The clearest competitive advantage for Mistral Small 4 is the combination of frontier-capable multimodal performance, extended thinking, and an unrestricted license — no other model in this quality tier currently offers all three simultaneously. For organizations where data sovereignty, private deployment, or the ability to fine-tune and redistribute matter, this combination is difficult to replicate with any competing offering.
Practical Use Cases and Business Applications
Understanding benchmark performance is useful, but the real question for most organizations is which specific workflows benefit most from deploying Mistral Small 4. The model's combination of capabilities maps cleanly to several high-value business applications that previously required either proprietary APIs or multiple specialized models.
Process invoices, contracts, and forms with combined OCR and natural language understanding in a single pass. Extract structured data, validate against business rules, and generate workflow actions — all within one model call without stitching specialized OCR and NLP pipelines together.
Build code review, generation, and documentation tools on a self-hosted model to avoid sending proprietary code to external APIs. The extended thinking mode handles complex refactoring and architecture decisions that require systematic multi-step reasoning about code structure.
Deploy a single model for customer-facing support across 30+ languages. The model's strong non-English reasoning quality means responses are genuinely helpful in the user's native language, not just grammatically fluent translations of English-language reasoning.
Build agents that research topics, analyze reports, interpret data visualizations, and synthesize findings across large document collections. The 128K context and extended thinking mode make systematic analysis of complex multi-source inputs tractable within a single inference call.

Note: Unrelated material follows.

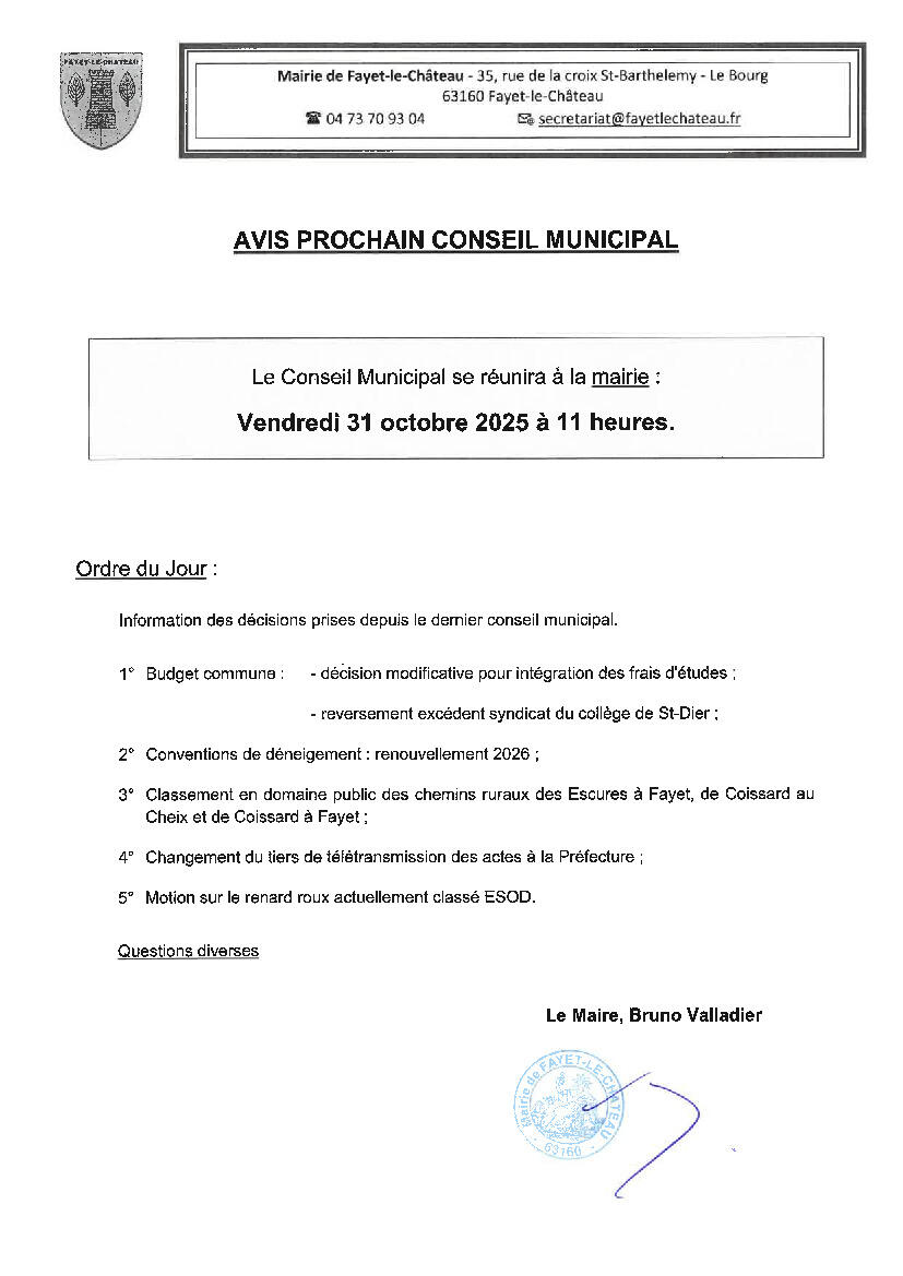 Prochain conseil municipal jeudi 11 décembre 18h30

For digital agencies and consultancies, the model opens a practical path to building AI-powered client deliverables and internal tools that can be fully branded and deployed on client infrastructure without ongoing API costs or data sharing concerns. The Apache 2.0 license means these tools can be packaged as products and sold or licensed to clients, unlike tools built on APIs with usage restrictions. Organizations looking to integrate AI capabilities into their broader digital transformation strategy will find Mistral Small 4 a uniquely flexible foundation.
Conclusion
Mistral Small 4 represents a meaningful advance in the open-weight model landscape. Combining 119B MoE parameters with native vision, extended thinking, 128K context, and an Apache 2.0 license addresses the four most common limitations of previous open models: pure text-only input, lack of reasoning depth, constrained context, and restrictive licensing. The result is a model that serves as a credible foundation for a wide range of production AI applications without the privacy trade-offs or vendor dependencies of proprietary APIs.

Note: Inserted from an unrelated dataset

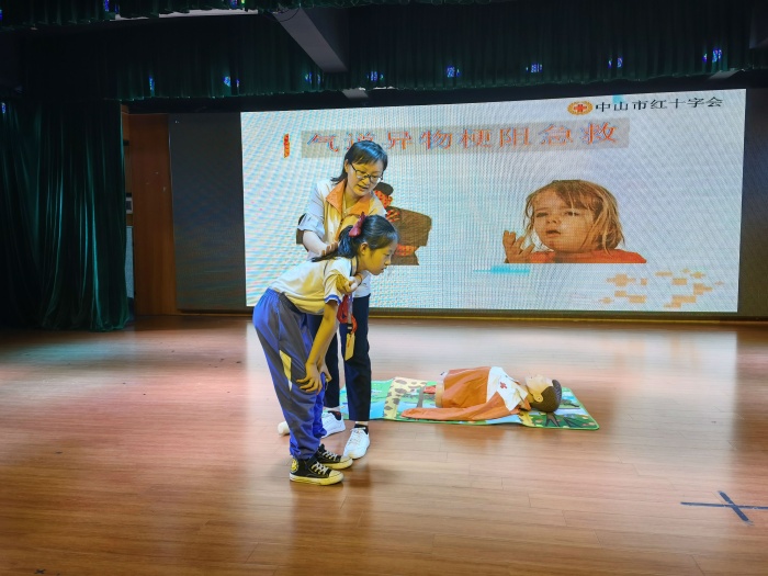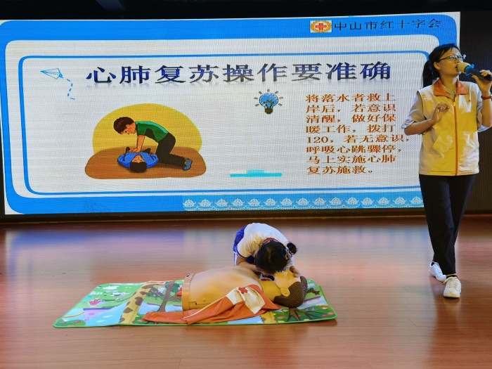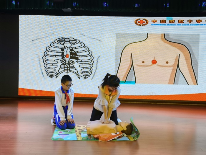 講座中,鄭老師語(yǔ)言生動(dòng)易懂,配合詳細(xì)的PPT展示、問(wèn)答互動(dòng)和現(xiàn)場(chǎng)的模仿操作,現(xiàn)場(chǎng)氣氛十分活躍,學(xué)生們積極參與其中。她尤其重點(diǎn)講解了在實(shí)際救援中,如何抓住最有效的“黃金四分鐘”時(shí)間,開(kāi)展心肺復(fù)蘇救援。鄭老師為了讓模擬更加逼真,她結(jié)合模型,親身給學(xué)生示范如何正確進(jìn)行心肺復(fù)蘇,告訴孩子們心肺復(fù)蘇的正確按壓部位和步驟,并邀請(qǐng)了學(xué)生上臺(tái)模擬。同學(xué)們興趣盎然,部分學(xué)生還上臺(tái)進(jìn)行了互動(dòng)交流,贏得現(xiàn)場(chǎng)掌聲陣陣。講座的最后,鄭老師呼吁同學(xué)們重視生命安全,學(xué)會(huì)科學(xué)施救。會(huì)后中山市紅十字會(huì)還為同學(xué)們分發(fā)了紅十字會(huì)宣傳手冊(cè)。

For teams evaluating open-weight models in 2026, Mistral Small 4 belongs on the shortlist for any deployment scenario where full control over infrastructure, data residency, and fine-tuning are relevant constraints. Its compute efficiency through MoE means the operational costs of running it at scale are competitive with much smaller dense models, and the quality ceiling is high enough to handle the sophisticated tasks that justify that deployment effort.